Allowing public ETL steps to depend on private steps
Opened this issue · 2 comments
We have a single case where public dataset (data://garden/covid/latest/combined
and hence our full covid dataset) depends on private dataset data-private://garden/covid/latest/sequence
.
data://garden/covid/latest/combined:
- data://garden/covid/latest/testing
- data://garden/covid/latest/cases_deaths
- data-private://garden/covid/latest/sequence
- data://garden/demography/2024-07-15/population
An error is raised when you try to run ETL without using --private
flag. So running full ETL etl run
fails with
ValueError: Public step data://garden/covid/latest/combined depends on private step data-private://garden/covid/latest/sequence. Use --private flag.

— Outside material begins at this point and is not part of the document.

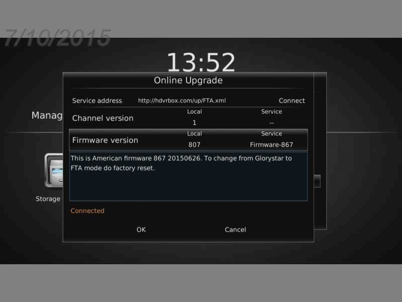 The satellite installation was simple and the menus feel familiar. The first screen has the user select the location and city for time zone. Next screen gave the option of selecting FTA or the Glorystar mode. North American satellite list is preloaded and are separated by C and KU bands. Supports 22KHz, DiSEqC 1.0/1.1/1.2 and USALS.

This is a bit annoying as we have to exclude covid dataset from running in nightly builds. It'd also be confusing for anyone trying to build it.
Should we exclude steps depending on private steps by default and raise a warning instead of failing?
@lucasrodes why isdata-private://garden/covid/latest/sequence
private? Maybe the solution would be to make it public (given that it's used by a public step).
why isdata-private://garden/covid/latest/sequence private?
It must be private, as requested by the data provider since they have a very restrictive license. That's GISAID.
Maybe the solution would be to make it public (given that it's used by a public step).
That's not possible; we cannot share this data publicly. The data://garden/covid/latest/combined
processes and aggregates a private indicator to compute a ratio ー that's fine as public.